The translation from the Vulgate was a collaborative effort, and it is not clear which portions are actually Wycliffe's work.
Church authorities officially condemned the translators of the Bible into vernacular languages and called these heretics Lollards.
Despite their prohibition, revised versions of Wycliffite Bibles remained in use for about 100 years.
Wikisource attributes its source as the Wesley Center Online.
That in turn was derived from the Fedosov transcription on the Slavic Bibles site http://www.sbible.ru
The source text makes no use of archaic letters that were part of Middle English orthography.
The Latin letter Yogh [ȝ] was evidently replaced by the letter [y] in the Fedosov transcription.
The text is available under the Creative Commons Attribution-ShareAlike License.
Verse numbers were not used in either the earlier or later version of the Wycliffe Bible in the fourteenth century. Each chapter consisted of one unbroken block of text. There were not even any paragraphs. Hence whatever verse numbers we now have in modern editions have been added retrospectively by comparison with other English Bibles and the Latin Vulgate.
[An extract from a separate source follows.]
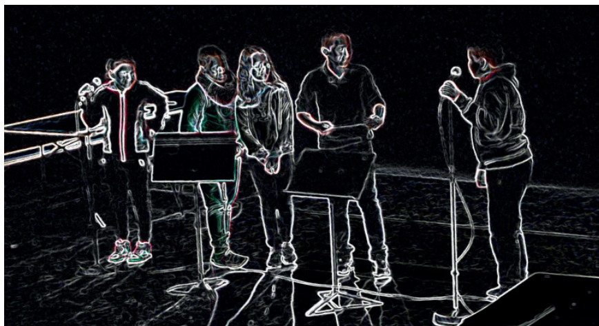
Atelier enfant "Cherche ton conférencier" avec le Théâtre Nouvelle Génération, Lyon

Two books found in the Vulgate, II Esdras and Psalm 151, were never part of the Wycliffe Bible.
Module build notes:
1. The Prayer of Manasseh has been separated from 2 Chronicles in order to avoid a critical versification issue.
cf. In Wikisource it was assigned as 2 Paralipomenon chapter 37.
2. The Letter of Jeremiah has been joined to Baruch as chapter 6 thereof.
3. The book order of Wycliffe's Bible differs from that of the Vulg versification used in this module.
4. There are now 313 notes in the Wikisource document.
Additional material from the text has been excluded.